The operation of the Krebs cycle is confined to small subcellular particles possessing internal structure and containing electron-acceptor systems. These mitochondria can be thought of as corridor containing shelves which hold the correct enzymes in the right sequence so passage down the pathway effects the conversion of acetyl-coenzyme A to oxaloacetate.

Tissues such as the heart and liver are well suited for energy resynthesis from fat oxidation, but the brain and red blood cells are dependent on glycolysis (from carbohydrate) for energy and exclusively use glucose. Skeletal muscle can use a whole variety of different fuels although the capacity to oxidise fatty acids does vary between the types of muscle fibre. The high oxidative capacity fibres are the Type I (or SO: slow, oxidative) fibres and are better able to oxidise fatty acids than the Type IIb (or FG: fast, glycolitic) fibres which are best suited to energy production from carbohydrate.

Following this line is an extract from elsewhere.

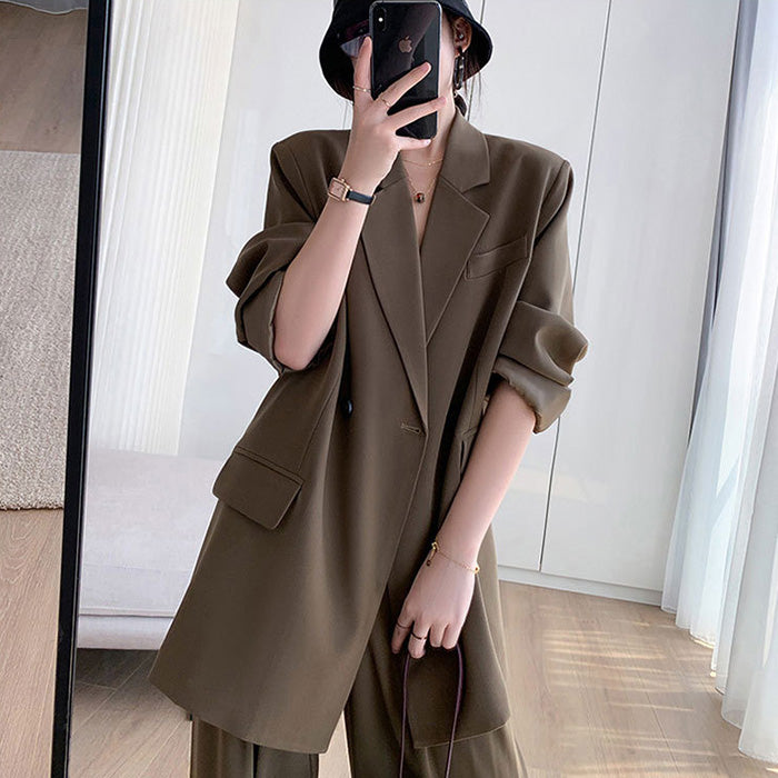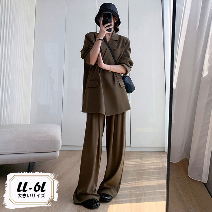 さらっと羽織れるジャケットと、落ち感のあるワイドパンツがセットになったプラスサイズ仕様。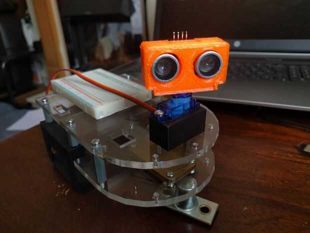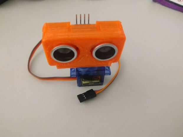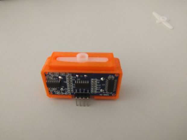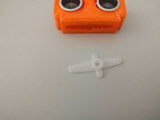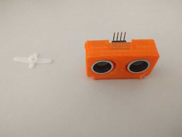 4. conseguir su sensor ultrasónico e inserte en sensor ultrasónico f_holder luego pegue un engranaje de un mini-servo tal como se muestra en la imagen a la parte inferior de la sensor ultrasónico f_holder. Ahora poner esto en un servo después el pegamento ya seco y compruebe si gira muy bien. (no pegar a servo todavía).

Another form of fat that can be used to provide energy is formed in the liver as ketones. Under extreme conditions of prolonged exercise or starvation or in diabetes, the excess free fatty acids are released into the circulation and converted by the liver to ketones. The importance of ketones is that they are the only alternative fuel source which can be used by the brain and nervous tissue other than glucose. ketones are taken up by the brain and skeletal muscle and enter the Krebs cycle to be oxidised to produce ATP.

Energy from proteins

Amino acids are metabolised as an energy source along with fat and carbohydrate. The protein does not form only structural tissue and enzymes, but through the process of gluconeogenesis, amino acids can be converted to glucose providing energy to tissues that rely on glucose as a fuel source. The nitrogen must first be removed (deamination) and this is converted to ammonia. The remaining carbon skeleton is then used as the energy source.

Most of the carbons form pyruvate or one of the Krebs cycle intermediates and can easily enter the oxidation pathway and be used to generate ATP within the mitochondria. The toxic ammonia is converted to urea in the liver transported to the kidneys in the blood and passed out of the body in the urine.

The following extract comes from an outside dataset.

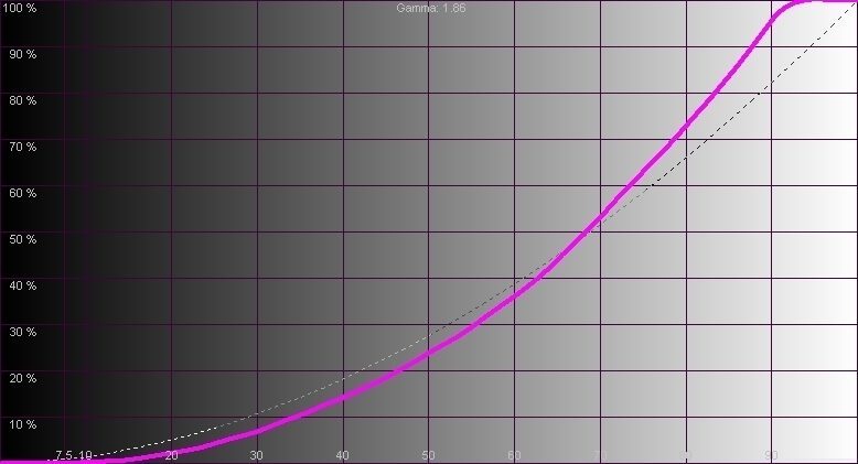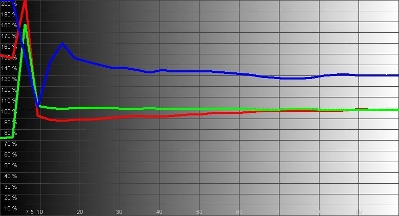 The black level in any case turns out to be quite high – 0.186 cd / m2, unless you turn on all dynamic adjustments to the maximum. In this case, the TV simply turns off the matrix backlight. With off (reduced to zero) dynamic backlight and contrast adjustments, all gradations are displayed correctly:

The carbon skeletons may be used as an energy source for those tissues that would normally use carbohydrate when this fuel source is reduced. In addition to providing energy, they also make it possible to supply the Krebs cycle intermediates required to replace those that have been lost from the cycle. These would normally be maintained from carbohydrate metabolism but as glycogen stores become depleted and the rate of carbohydrate metabolism reduced an alternative supply of the Krebs cycle intermediates is advantageous. Unless the supply of these intermediates is maintained it is not possible for the Krebs cycle to continue generating ATP from other substrates (fatty acids) if carbohydrate stores are limited. Under conditions where the supply of glucose exceeds the requirement for energy, the carbon skeletons may be converted to fatty acid and stored as triglyceride.

How is this energy used to move muscle?

Isotonic, isokinetic and isometric are different kinds of movements but are all muscle contractions. The same mechanism moves muscle regardless of the type. The Type I muscle fibre are slow to contract and are red in colour. They are relatively resistant to fatigue and have a high oxidative capacity. This means a high potential to generate ATP by the oxidation of carbohydrate, fat (and indirectly protein) in the mitochondria of the cell. They are referred to as the SO (slow, oxidative) fibres. The Type II muscle fibre are divided into IIa, IIb or IIab fibres.